== Segment start ==

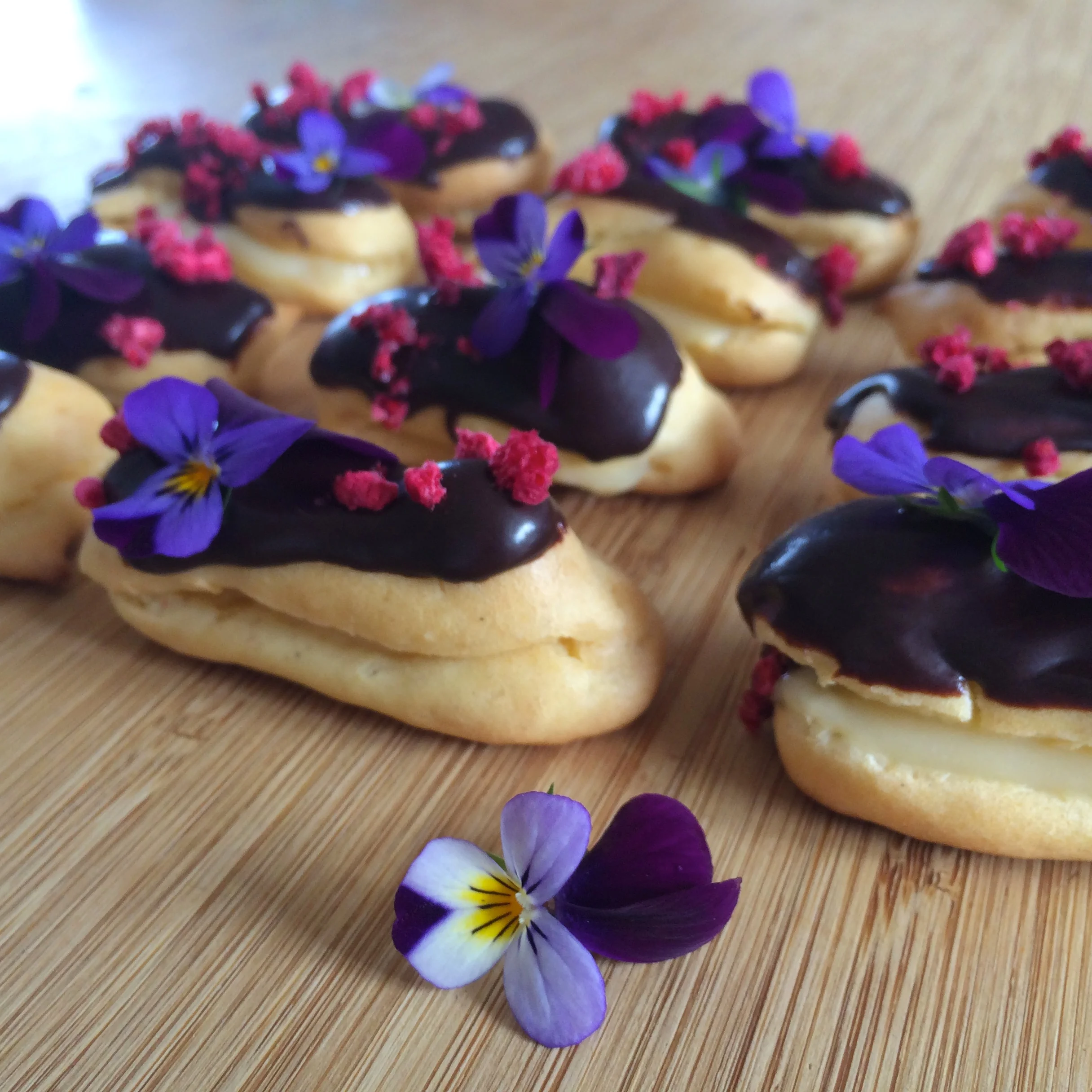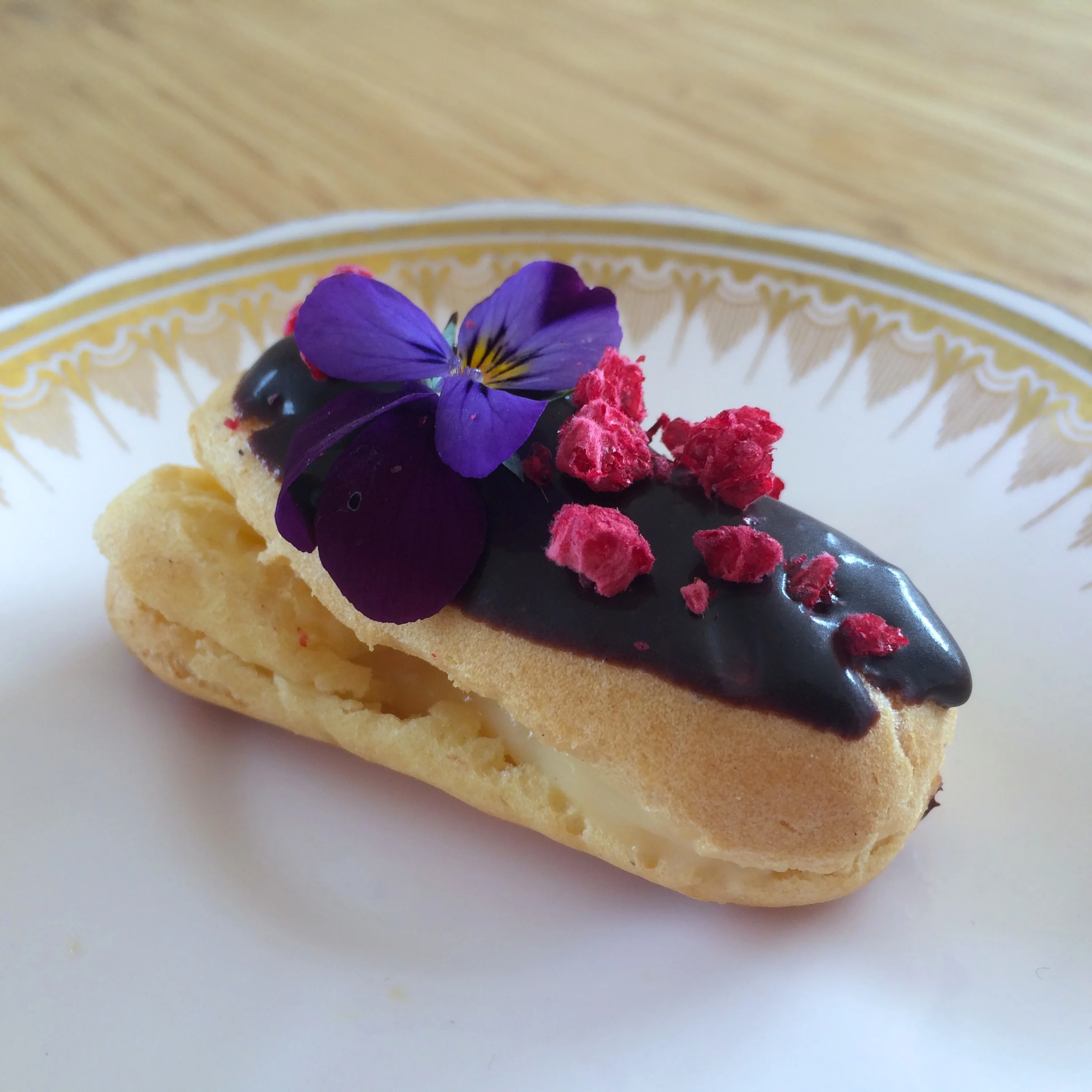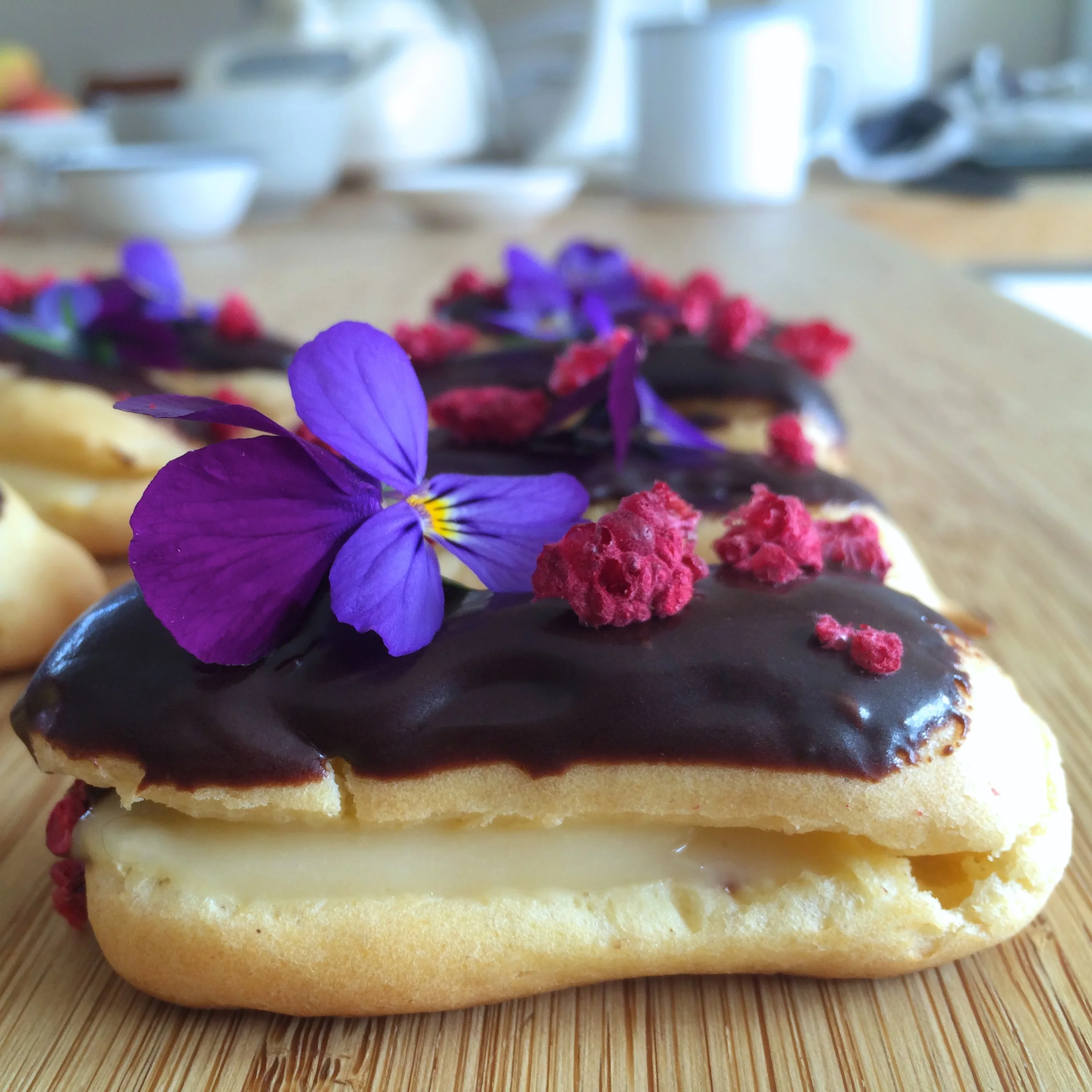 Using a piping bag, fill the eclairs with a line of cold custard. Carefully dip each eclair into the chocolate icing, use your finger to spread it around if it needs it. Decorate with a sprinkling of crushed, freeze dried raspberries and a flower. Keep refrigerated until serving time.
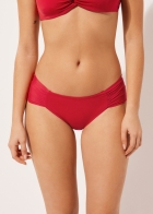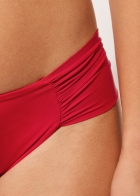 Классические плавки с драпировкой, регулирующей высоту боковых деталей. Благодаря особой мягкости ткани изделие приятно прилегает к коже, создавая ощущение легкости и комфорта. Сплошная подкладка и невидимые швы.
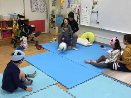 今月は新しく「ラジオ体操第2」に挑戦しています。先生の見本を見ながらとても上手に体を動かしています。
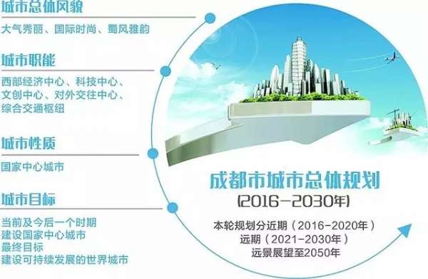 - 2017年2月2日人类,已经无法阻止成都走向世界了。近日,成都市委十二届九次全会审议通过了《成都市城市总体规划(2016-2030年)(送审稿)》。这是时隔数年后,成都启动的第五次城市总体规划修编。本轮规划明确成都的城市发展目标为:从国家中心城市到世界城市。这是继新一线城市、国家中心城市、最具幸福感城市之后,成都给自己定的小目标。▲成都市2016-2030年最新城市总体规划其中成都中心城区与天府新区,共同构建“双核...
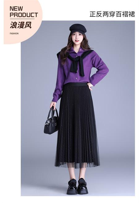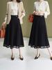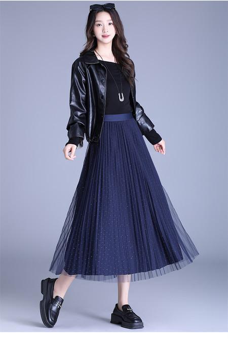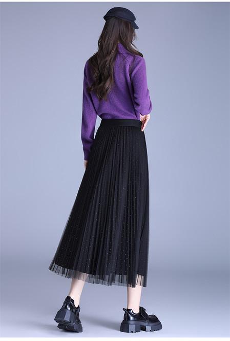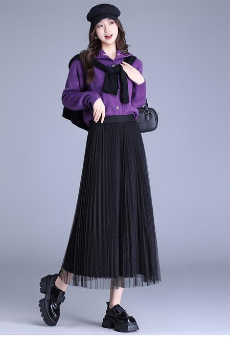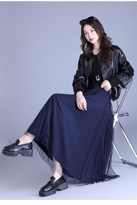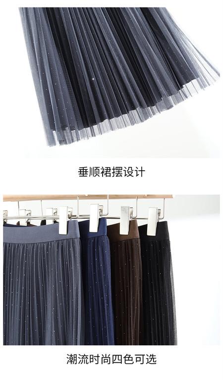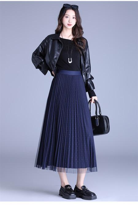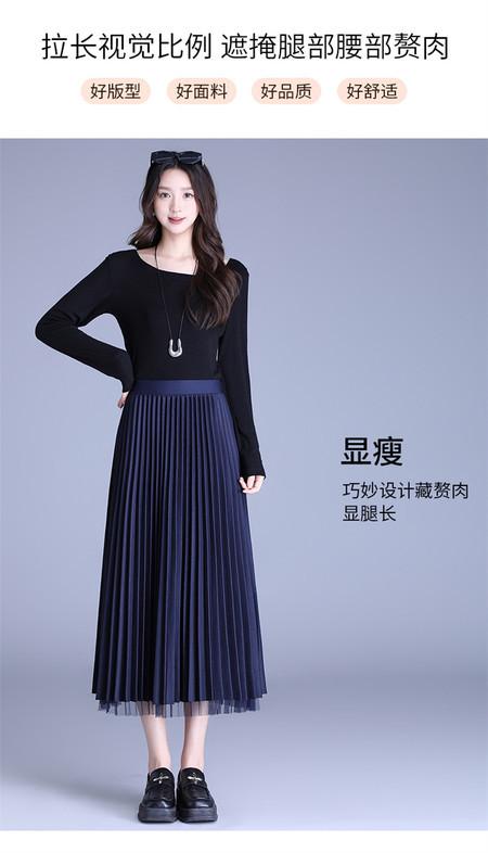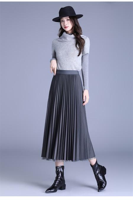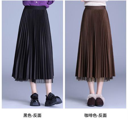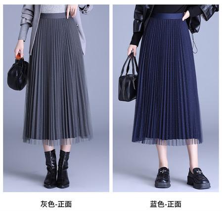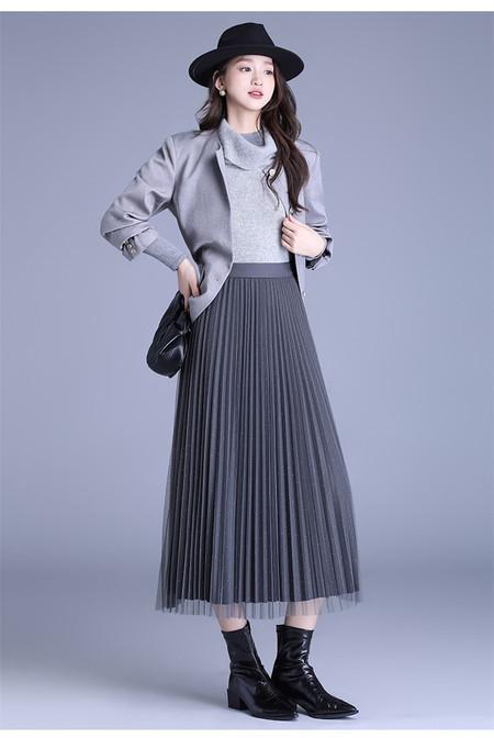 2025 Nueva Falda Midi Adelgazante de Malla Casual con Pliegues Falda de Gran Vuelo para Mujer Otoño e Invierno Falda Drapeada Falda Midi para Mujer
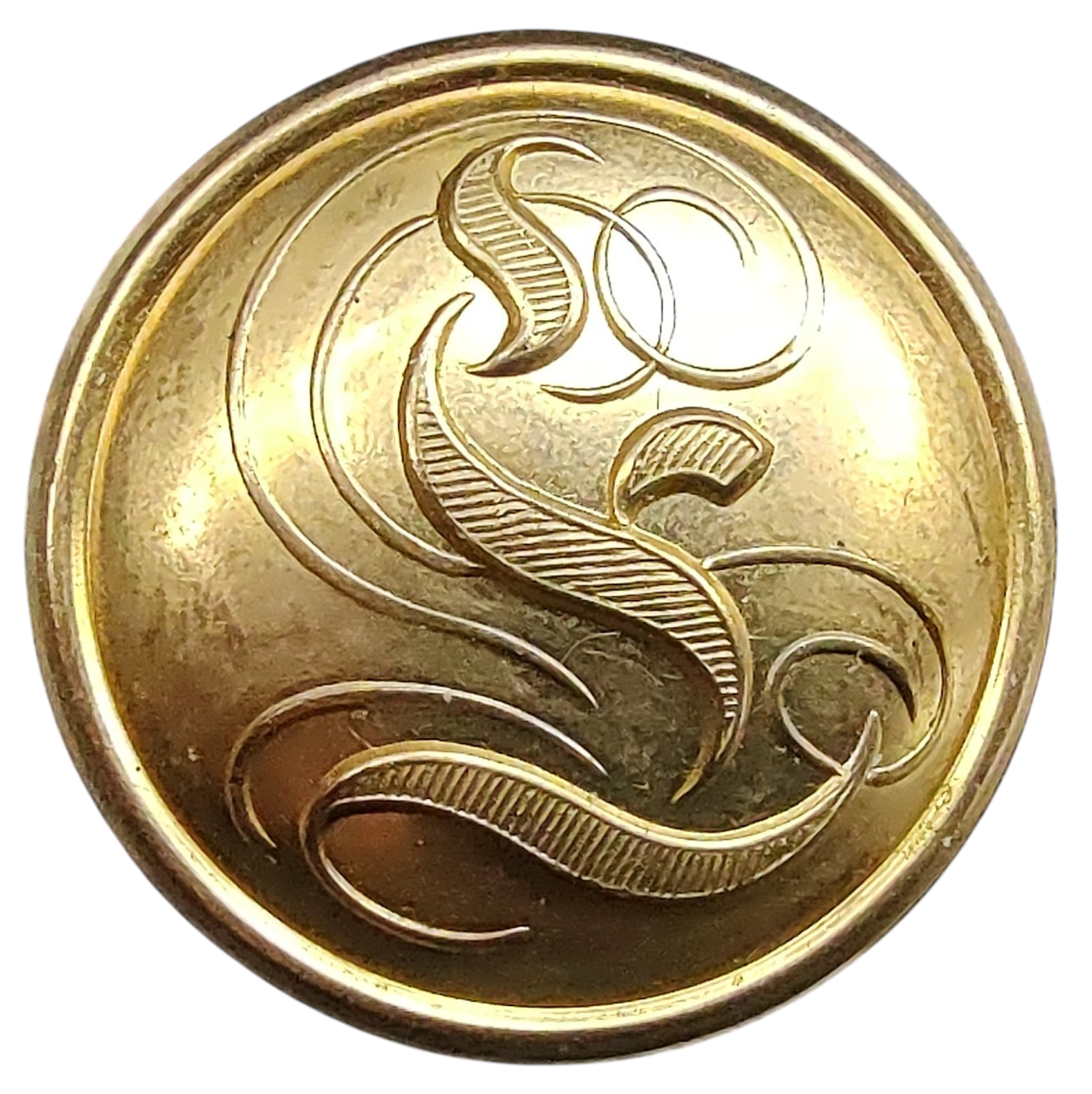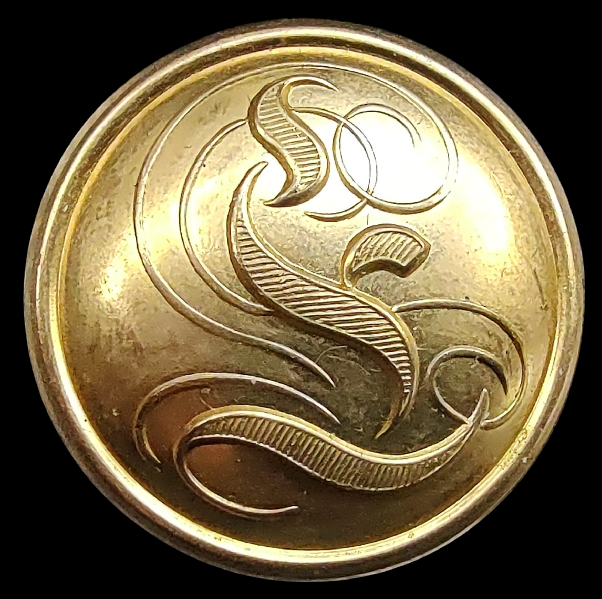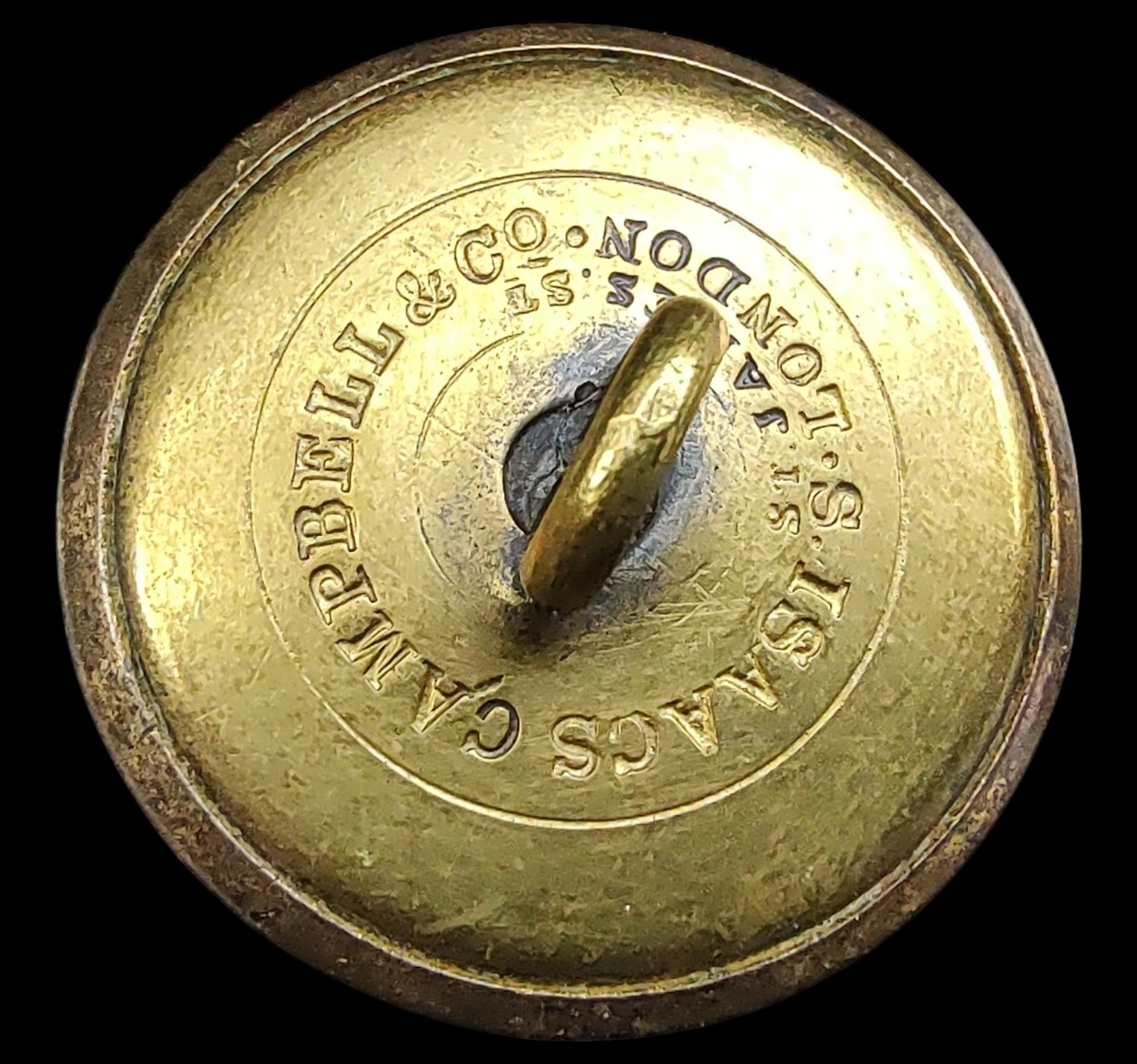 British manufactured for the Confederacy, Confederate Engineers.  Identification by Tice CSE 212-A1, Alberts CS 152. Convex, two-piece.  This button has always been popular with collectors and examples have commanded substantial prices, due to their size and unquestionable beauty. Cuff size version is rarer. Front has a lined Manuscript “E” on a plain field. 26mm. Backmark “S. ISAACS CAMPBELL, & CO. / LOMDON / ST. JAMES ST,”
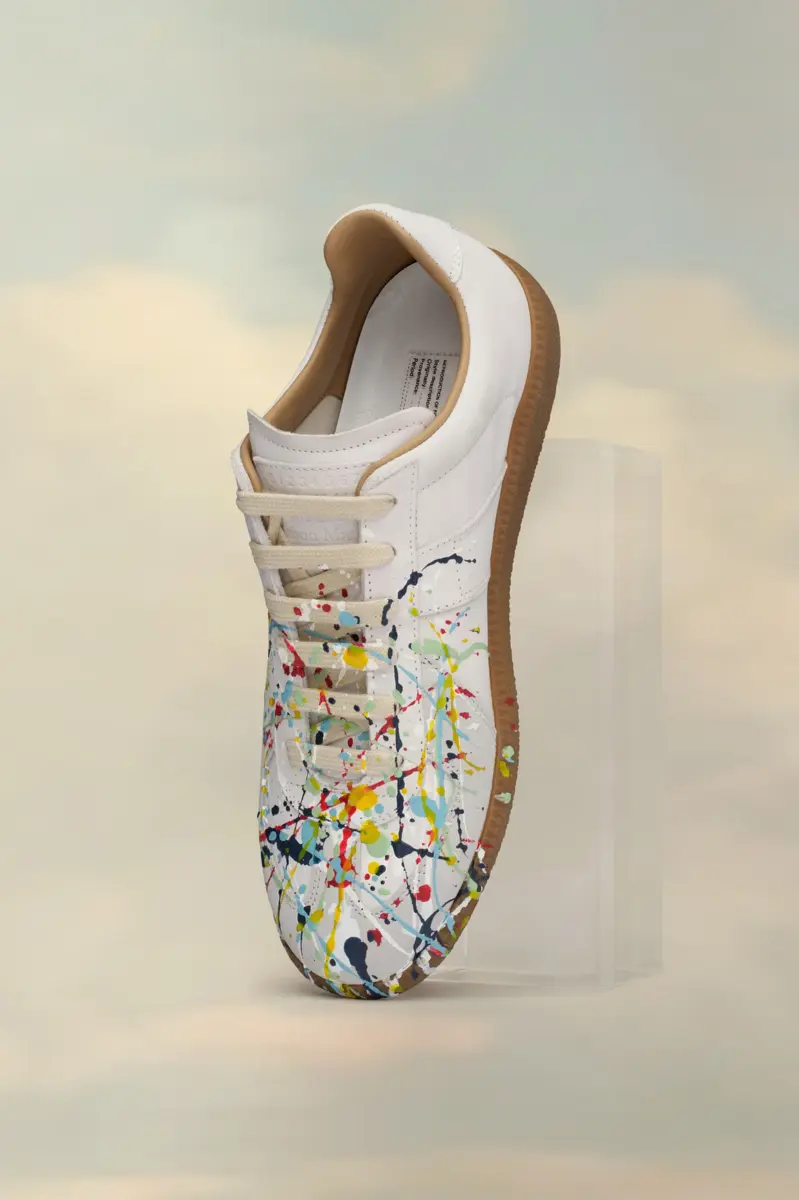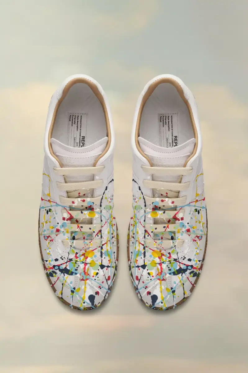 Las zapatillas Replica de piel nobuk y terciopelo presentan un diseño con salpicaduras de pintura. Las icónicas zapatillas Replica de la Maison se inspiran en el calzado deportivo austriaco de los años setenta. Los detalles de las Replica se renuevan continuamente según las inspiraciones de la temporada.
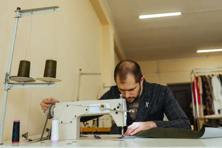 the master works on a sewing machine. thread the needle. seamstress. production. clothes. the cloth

== Segment end ==

Exercise directions:
Each line of the data above must be reproduced as written. Skip the pictures.

Final answer:
 Using a piping bag, fill the eclairs with a line of cold custard. Carefully dip each eclair into the chocolate icing, use your finger to spread it around if it needs it. Decorate with a sprinkling of crushed, freeze dried raspberries and a flower. Keep refrigerated until serving time.
 Классические плавки с драпировкой, регулирующей высоту боковых деталей. Благодаря особой мягкости ткани изделие приятно прилегает к коже, создавая ощущение легкости и комфорта. Сплошная подкладка и невидимые швы.
 今月は新しく「ラジオ体操第2」に挑戦しています。先生の見本を見ながらとても上手に体を動かしています。
 - 2017年2月2日人类,已经无法阻止成都走向世界了。近日,成都市委十二届九次全会审议通过了《成都市城市总体规划(2016-2030年)(送审稿)》。这是时隔数年后,成都启动的第五次城市总体规划修编。本轮规划明确成都的城市发展目标为:从国家中心城市到世界城市。这是继新一线城市、国家中心城市、最具幸福感城市之后,成都给自己定的小目标。▲成都市2016-2030年最新城市总体规划其中成都中心城区与天府新区,共同构建“双核...
 2025 Nueva Falda Midi Adelgazante de Malla Casual con Pliegues Falda de Gran Vuelo para Mujer Otoño e Invierno Falda Drapeada Falda Midi para Mujer
 British manufactured for the Confederacy, Confederate Engineers.  Identification by Tice CSE 212-A1, Alberts CS 152. Convex, two-piece.  This button has always been popular with collectors and examples have commanded substantial prices, due to their size and unquestionable beauty. Cuff size version is rarer. Front has a lined Manuscript “E” on a plain field. 26mm. Backmark “S. ISAACS CAMPBELL, & CO. / LOMDON / ST. JAMES ST,”
 Las zapatillas Replica de piel nobuk y terciopelo presentan un diseño con salpicaduras de pintura. Las icónicas zapatillas Replica de la Maison se inspiran en el calzado deportivo austriaco de los años setenta. Los detalles de las Replica se renuevan continuamente según las inspiraciones de la temporada.
 the master works on a sewing machine. thread the needle. seamstress. production. clothes. the cloth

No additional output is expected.